Hacía cuatro años que no sabía nada de ella. Se fue con su embarazo a otro lugar, sin decir por qué. La extrañaba, la extrañaba cada día que pasaba, no había momento en que no pensase en ella y en el sonido de su risa. Pero algo me hacía mantener la esperanza de que un día sonase el teléfono y su voz estuviese en el otro lado del auricular, o, que al abrir la puerta de casa pudiese sentirla de nuevo aquí.
Ese día me dirigía a un rumbo nuevo, necesitaba cambiar de aires por unas horas, aunque ella permanecería en mis pensamientos y en mi corazón.
Hacía un tiempo me dijeron que los parques de Endurce son preciosos y por eso me subí al tren que me llevaría hasta allí, pese a que no pudiese ver su naturaleza, sí podría disfrutar del sonido de los pájaros, del puro olor a hierba mojada, del frescor del agua de la fuente...
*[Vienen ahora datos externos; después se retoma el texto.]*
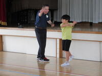 写真は、3年生との授業。体を動かしたり、クイズに答えたりと楽しく英語に親しむことができました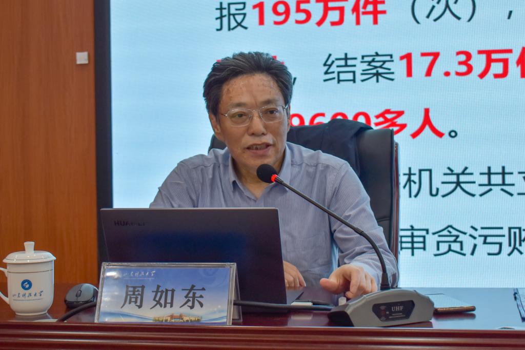 10月26日下午,校纪委副书记周如东讲授“学习贯彻习近平新时代反腐倡廉重要论述”主题党课。周如东以时间线为轴,阐述了我国自党的十八大以来,随着全面从严治党方针的不断深入,党中央对反腐败斗争形势的正确判断以及重大决策部署下新时代反腐倡廉形势的变化。周如东告诫同学们要努力奋斗、不忘初心,始终牢记习近平总书记的殷切嘱托,洁身自好,时刻以一名党员的要求严格要求自己,争取早日成为一名合格的共产党员。

Subí en el último vagón al principio de éste, en un asiento de dos, cara a la puerta que accedía al anterior vagón. El sonido de ese viejo tren perturbaba mis oídos y tan solo podía escuchar lo que pasaba alrededor de mi asiento, no sabía si habría alguien más, más atrás. De pronto, el correteo de un niño pequeño se iba acercando, podía escuchar como imitaba el sonido de despegue de un avión, supuse que llevaría uno de juguete en sus manos. ‘Daniel, Daniel ven aquí, no corras, ven, toma el bocadillo, no has almorzado nada’. ¡Era ella, era ella, sin duda era ella! ‘Rebeca, Rebeca’ chillé sin girarme. Pero nadie contestó. Repetí de nuevo ‘Rebeca, Rebeca’ con un tono más fuerte y, esta vez, me giré. ‘Mamá, ¿por qué chilla tu nombre?’ oí como le decía el pequeño. ‘Rebeca, por favor, sé que eres tú’ y me levanté con la intención de que ella se acercara y sé acercó: ‘mamá, lo siento pero me voy, no quiero volver a toparme contigo jamás’. Y le dije: ‘Abrázame por favor y déjame besar a mi nieto’. Se fue. Y yo, a los pocos días, morí de pena.